• [TASK BRIEF] Given the entries below, would you transcribe exactly the lines starting at the one with "Szukają Państwo wyjątkowych" and ending at the one with "- ログバッファ:変更内容を安全に保存;RDBMSに1つの場合、並列処理不可", both kept, pictures omitted, nothing extra?

• [DATA SHOWN]
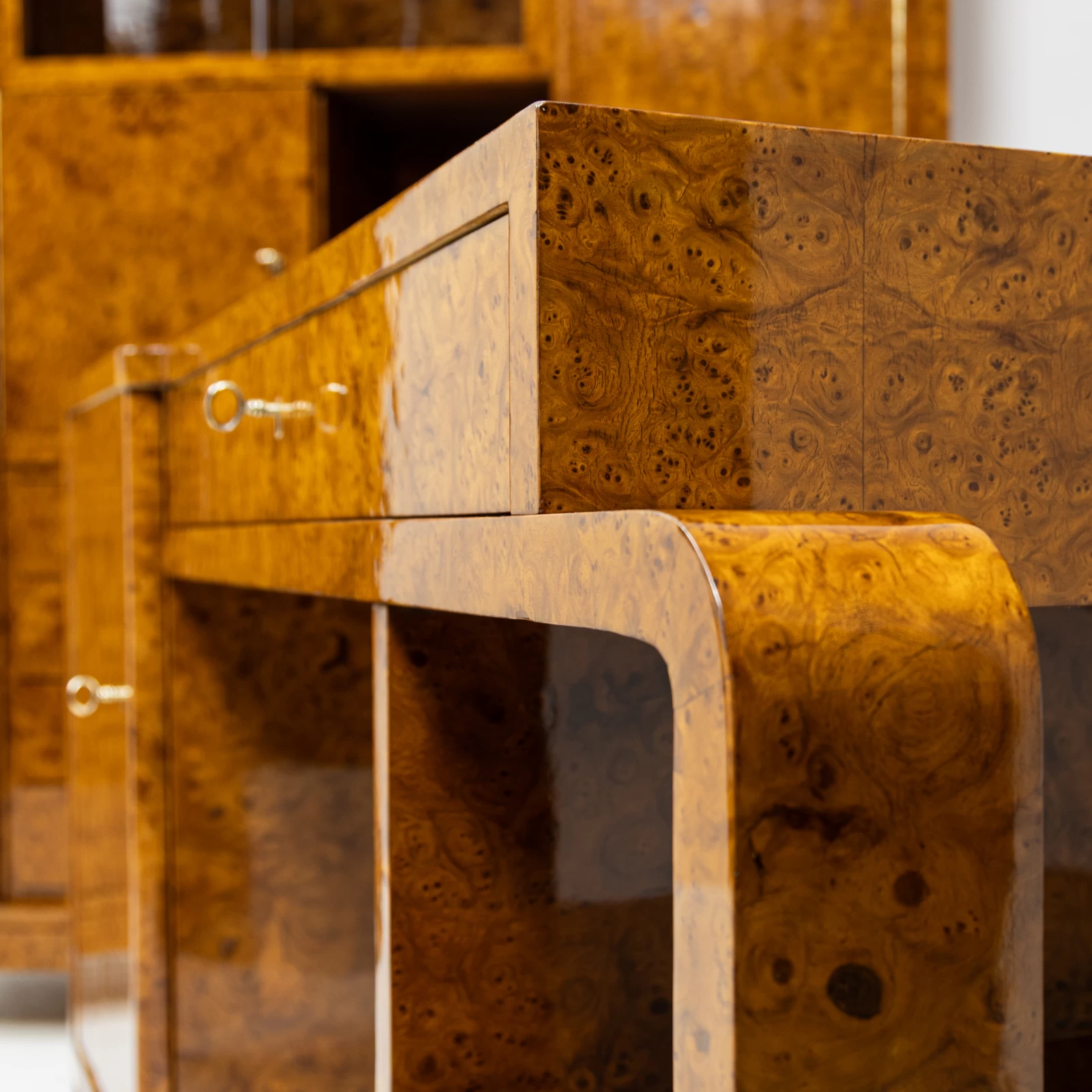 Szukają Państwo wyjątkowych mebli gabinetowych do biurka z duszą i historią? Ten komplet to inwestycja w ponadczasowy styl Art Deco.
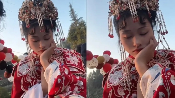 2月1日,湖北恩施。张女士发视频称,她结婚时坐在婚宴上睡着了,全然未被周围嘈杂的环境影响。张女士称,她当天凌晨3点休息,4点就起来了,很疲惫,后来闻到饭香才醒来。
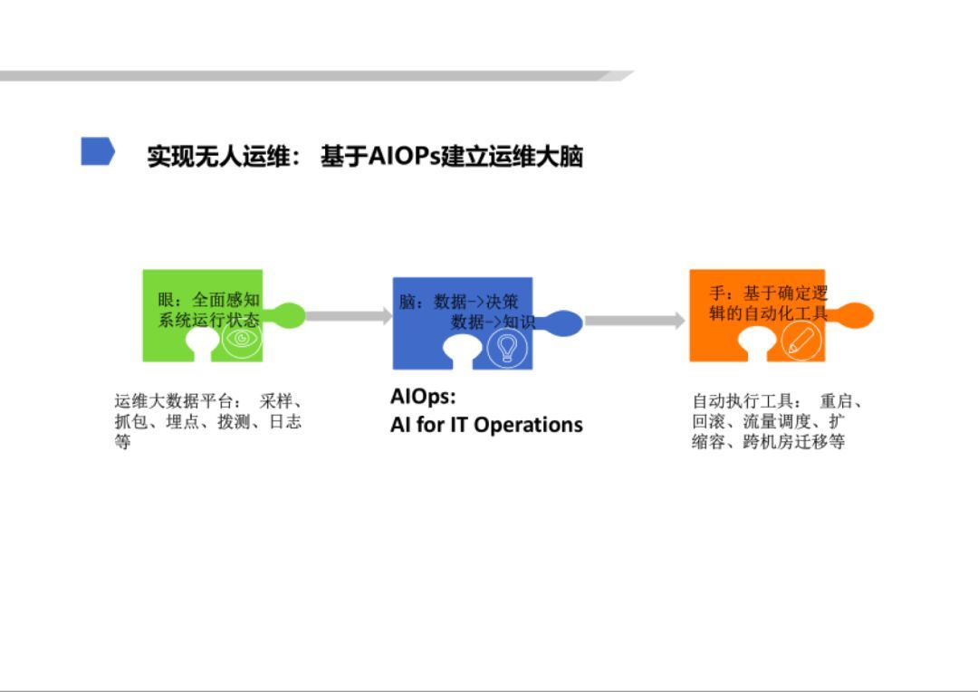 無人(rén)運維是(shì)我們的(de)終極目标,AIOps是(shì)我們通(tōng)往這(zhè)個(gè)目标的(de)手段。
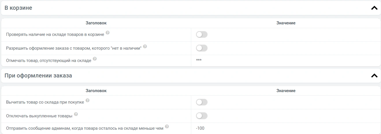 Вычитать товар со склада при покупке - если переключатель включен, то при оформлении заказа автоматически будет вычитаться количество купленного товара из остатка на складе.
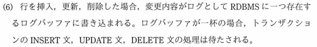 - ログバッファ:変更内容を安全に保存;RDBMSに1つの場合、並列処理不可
==
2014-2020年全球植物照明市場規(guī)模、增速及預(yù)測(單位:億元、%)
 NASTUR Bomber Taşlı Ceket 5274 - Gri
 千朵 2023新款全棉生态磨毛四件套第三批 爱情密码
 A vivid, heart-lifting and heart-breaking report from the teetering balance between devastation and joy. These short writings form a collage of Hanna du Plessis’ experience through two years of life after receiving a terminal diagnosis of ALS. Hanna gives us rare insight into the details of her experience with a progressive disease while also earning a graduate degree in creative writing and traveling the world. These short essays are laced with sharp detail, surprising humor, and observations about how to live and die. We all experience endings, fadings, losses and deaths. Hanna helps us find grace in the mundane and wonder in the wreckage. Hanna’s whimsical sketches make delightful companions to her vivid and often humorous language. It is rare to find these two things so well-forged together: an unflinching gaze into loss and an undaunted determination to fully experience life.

• [YOUR SOLUTION]
 Szukają Państwo wyjątkowych mebli gabinetowych do biurka z duszą i historią? Ten komplet to inwestycja w ponadczasowy styl Art Deco.
 2月1日,湖北恩施。张女士发视频称,她结婚时坐在婚宴上睡着了,全然未被周围嘈杂的环境影响。张女士称,她当天凌晨3点休息,4点就起来了,很疲惫,后来闻到饭香才醒来。
 無人(rén)運維是(shì)我們的(de)終極目标,AIOps是(shì)我們通(tōng)往這(zhè)個(gè)目标的(de)手段。
 Вычитать товар со склада при покупке - если переключатель включен, то при оформлении заказа автоматически будет вычитаться количество купленного товара из остатка на складе.
 - ログバッファ:変更内容を安全に保存;RDBMSに1つの場合、並列処理不可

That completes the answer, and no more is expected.